Bruce Hadley Antone (born November 1, 1960) is an American politician from Florida. A Democrat, he served in the Florida House of Representatives from 2002 to 2006, from 2012 to 2020, and again from 2022, representing parts of Orlando in Orange County.

==Early life and career==
Antone was born in Mobile, Alabama, and attended Tuskegee University, graduating with a degree in electrical engineering in 1983. Following graduation, he started graduate studies in electrical engineering, but moved to the state of Florida in 1984, where he pursued graduate studies in public administration at the University of Central Florida, but did not graduate.
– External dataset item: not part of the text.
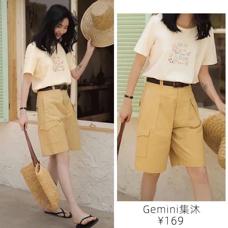 五分工装裤又是不一样的随性洒脱,卡其色自带的复古调调,随便搭都很日系感。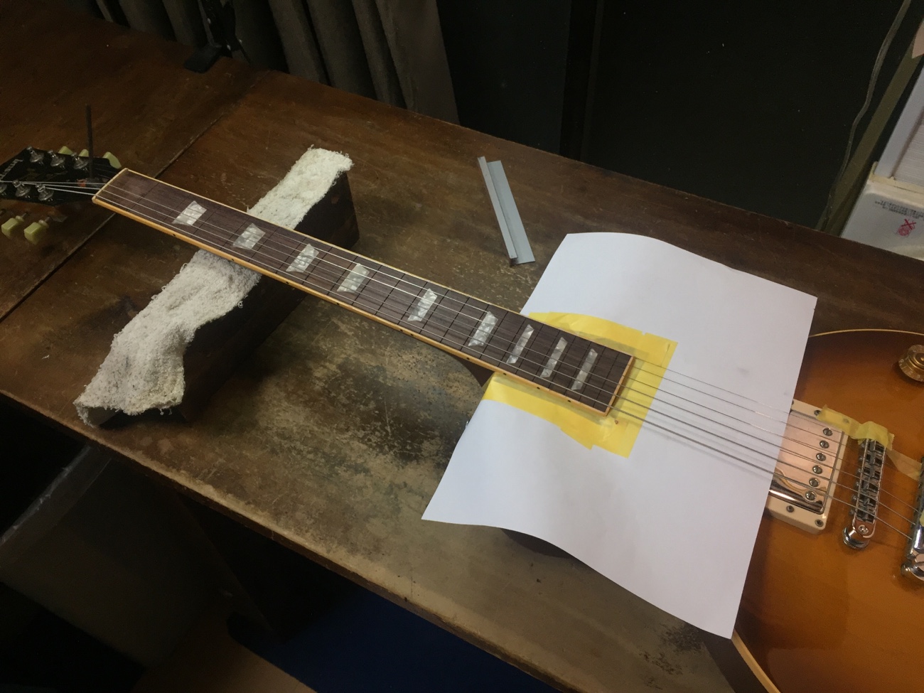 指板の研磨【ギブソンレスポールスタンダード(20251231お預かり)ネックのオーバーホール-15】 投稿日時: 2026年1月25日 投稿者: admin 4フレット付近にある凸を削ってそろえました。 フレット溝の幅を整えつつ、指板のRを整えていきます。 Tweet

Antone worked as a legislative aide to State Senator Buddy Dyer from 1992 to 1999, including serving as his chief of staff. He ran for a seat on the Orange County Commission from the 6th District, but received only 9% of the vote. In 2000, when incumbent State Representative Alzo Reddick did not seek re-election, Antone ran to succeed him, facing Gary Siplin, Wardell Sims, Miles Brooks, and David Rucker in the Democratic primary. He earned the endorsement of the Orlando Sentinel, which praised him as the "best equipped" candidate, but ultimately lost to Siplin and Sims, who advanced to a runoff election, winning 27% of the vote.

==Legislative career==

=== Early 2000’s ===
When Siplin, whom Antone had lost to in 2000, decided to run for the Florida Senate rather than seek re-election, Antone ran to succeed him in the 39th District, which stretched from downtown Orlando to Pine Hills. In the Democratic primary, he faced Tiffany Moore-Russell, Geraldine Thompson, and Jon Eason, whom he defeated with 34% of the vote, and advanced to the general election, where he faced Janet Buckles, the Republican nominee. Antone emphasized that, unlike Siplin, he would focus on passing bills into law while serving in the legislature and would not waste his time on "feel-good" efforts. Antone defeated Buckles easily, winning 75% of the vote. In 2004, when he ran for re-election, he was opposed in the primary election by Tiffany Moore-Russell, once again, and Fritz Seide Jackson. Antone expanded his margin of victory from 2002, and won renomination with 52% of the vote to Moore-Russell's 39% and Jackson's 9%. He faced Thomas J. Kelly, the nominee of the British Reformed Sectarian Party, in the general election, whom he handily defeated with 90% of the vote.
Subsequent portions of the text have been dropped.